И рассказал Иван Савельевич историю, которая вспомнилась ему, надо думать, раньше и вспоминалась не однажды в эти дни, а теперь запросилась наружу.

– Это сколько же годков минуло? – спросил сам себя и прикинул: – Да уж не меньше тридцати. Томка тогда с Дусю была, может, немножко постарше. У нас в деревне вскорости после смерти Сталина угнездилась одна семья. Сам он, хозяин-то, был в наших краях на высылке, а как дали ему вольную, ворочаться не стал, откуда вышел, а выписал себе жену с погодками-ребятенками… мальчишка и девчонка были… и осел как вольнопоселенец. Кряжеватый такой мужик, рожа хмурая, все попервости в зеленых галифе ходил, в отместку, поди, тем, кто его в лагере караулил. Звали Ефроим. Заняли они избенку в три окна на верхнем краю деревни, последний парнишка уж у нас народился. Заняли избенку-горемыку, а потом и давай строиться, и давай. И это по тем временам, когда мужика гнули в бараний рог: на заем последнюю копейку отдай, молоко от коровы на молоканку отнеси, яйцо от курицы в сельпо сдай, огородные сотки еще и до Хрущева обрезали. А он в рост и в рост. В колхоз не пошел, устроился сначала бакенщиком, а опосле, как Ангару запруживать вознамерились, по зоне затопления каким-то чинодралом заделался. Но это уж потом. А до того при самой нашей глухой бедности… она его не касается, наша бедность… На задах избенки поставил времянку, да крепкую, не хуже этой избенки, а избенку смахнул и давай на том месте подымать крестовый дом. В два лета поднял, откуда что и взялось. Баба некорыстенькая, росточку небольшого, а тоже пятижильная, так и снует, так и снует. Дом поставили под шифер, у нас этого еще и в заведении не было, у нас контора была под тесом… Обнес свое поместье глухим забором, в улицу – высокие теремчатые ворота под навесом. Только ахай! У первого у него мотор на лодку, у первого мотоцикл «Урал» с коляской, у первого нарезная винтовка. Боролись, боролись с кулачеством, а он посередь голытьбы возрос как чирей на ровном месте.

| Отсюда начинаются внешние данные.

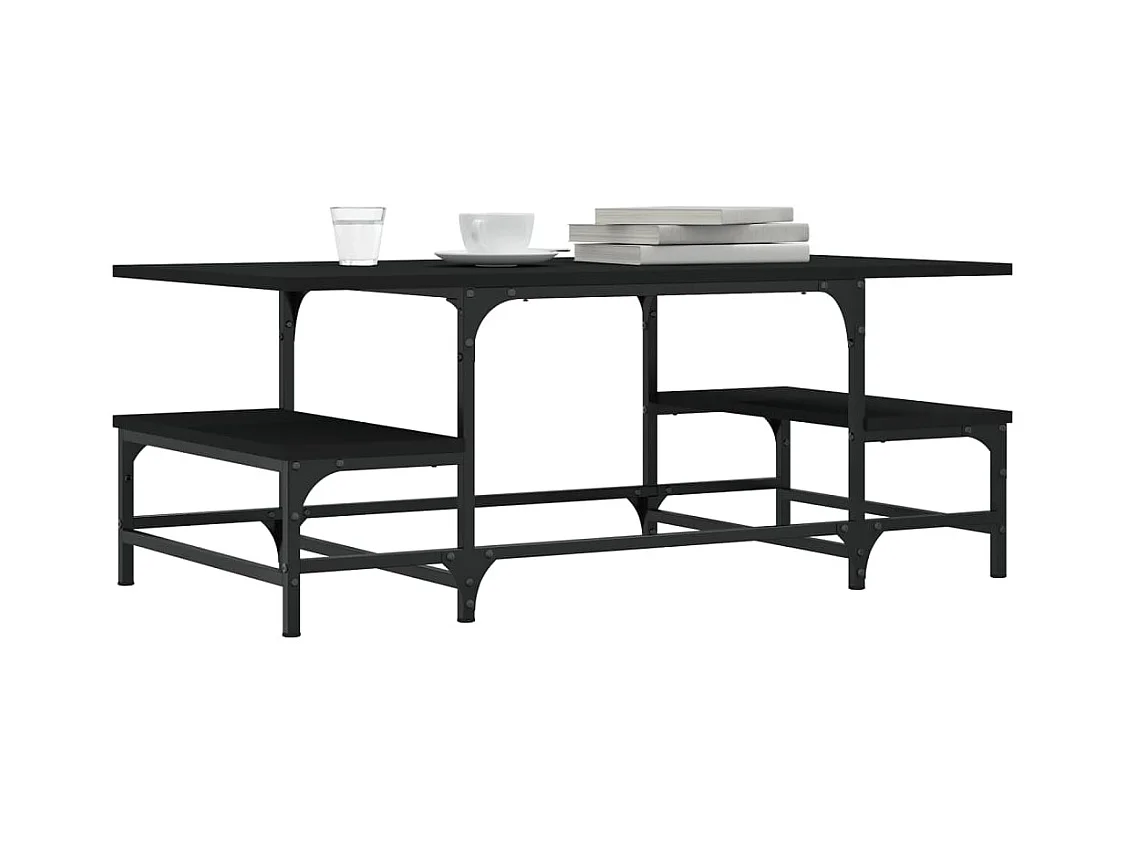 Mesa de centro-Mesa auxiliar madera maciza de mango negra 80x54x40 cm SHL2261

Иван Савельевич говорил неторопливо, с улыбчатой усмешкой, подкивывая себе и морща и без того морщинистое лицо. И последние слова подвел, прямо как к воротам, к вопросу.

– А с чего возрос-то? – спросил Анатолий, слушавший невнимательно, с усилием, как и все теперь делавший с усилием, перемогавший какую-то налипшую изнутри, как грязь, тяжесть. – С приисков, что ли, явился?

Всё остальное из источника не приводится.